Pierre Lambert Is Back, This Time With Mickey
Pierre
Lambert regularly produces the most beautiful animation books in the world.
American authors, whose editors dismiss special features as too expensive,
can only look with envy on the sumptuous color reproductions, the gatefolds,
the serigraph cels and the luxuriously heavy paper. How does his French publisher,
Démons et Merveilles, manage to print these volumes and show a profit? Glorious Artwork The text provides a brief, straightforward history of the Disney studio and
its most famous character. According to the often-told story, Mickey was created
on a train ride back to Los Angeles from New York: Walt Disney had lost the
rights to Oswald Rabbit to Charles Mintz and needed to come up with a new
character in a hurry. Lambert traces Mickey's development from the rambunctious
scamp of Plane Crazy and Steamboat Willie to the energetic charmer
of Thru The Mirror and The Brave Little Tailor to his apex in
"The Sorcerer's Apprentice" sequence of Fantasia. Mickey's unprecedented popularity eventually turned into a gilded cage. As
he attracted more fans, especially among children, he acquired more taboos.
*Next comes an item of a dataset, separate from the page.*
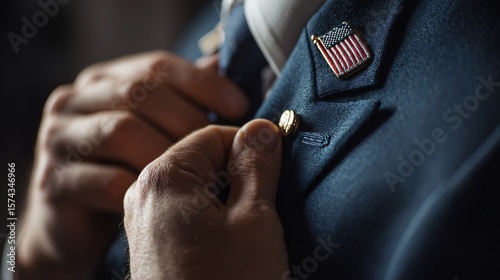 Fingers adjusting flag on collar, soft light

Mickey Mouse grew so unflaggingly nice, he became dull. In the few shorts
the studio produced during the '50s, Mickey settled into the role of the genial
suburbanite, playing straight man to Pluto and other, more broadly comic characters.
A new generation of Disney artists has attempted to revivify him in Mickey's
Christmas Carol (1983), The Prince and the Pauper (1990) and
Runaway Brain (1995). (Mickey, Minnie, Donald, Goofy and other classic
characters are currently appearing in Disney's Mickey
MouseWorks on ABC, which began airing too late for inclusion in the
book.) Translating Gafs and Fact Finding
Mickey Mouse is a worthy successor to Lambert's
Pinocchio. The author has once again drawn on private collections,
art dealers, catalogues and the Disney studio's voluminous Animation Research
Library for a handsome array of preliminary sketches, storyboard drawings,
animation roughs, backgrounds and cel set-ups. Despite the popularity of the
subject, only a few of these images have appeared in other books, and the
reproductions are exquisite.
Unfortunately, the rather flat English translation by Jeanine Herman lacks
the charm of Lambert's original French, and sentences have been inexplicably
omitted. In the French version, a discussion of the best black-and-white Mickey
cartoons includes the observation that several of these films were inspired
by other movies: "That's why The Klondike Kid parodies the famous
scene of a cabin precariously balanced on the top of a mountain in Chaplin's
The Gold Rush..." For some reason, that note doesn't appear in the
English edition. More significant is the omission of a statement by Ub Iwerks'
son Dave that his father had sketched the prototypes of Mickey, Minnie, Clarabelle
Cow, and Flip the Frog under Disney's guidance in the course of a single afternoon.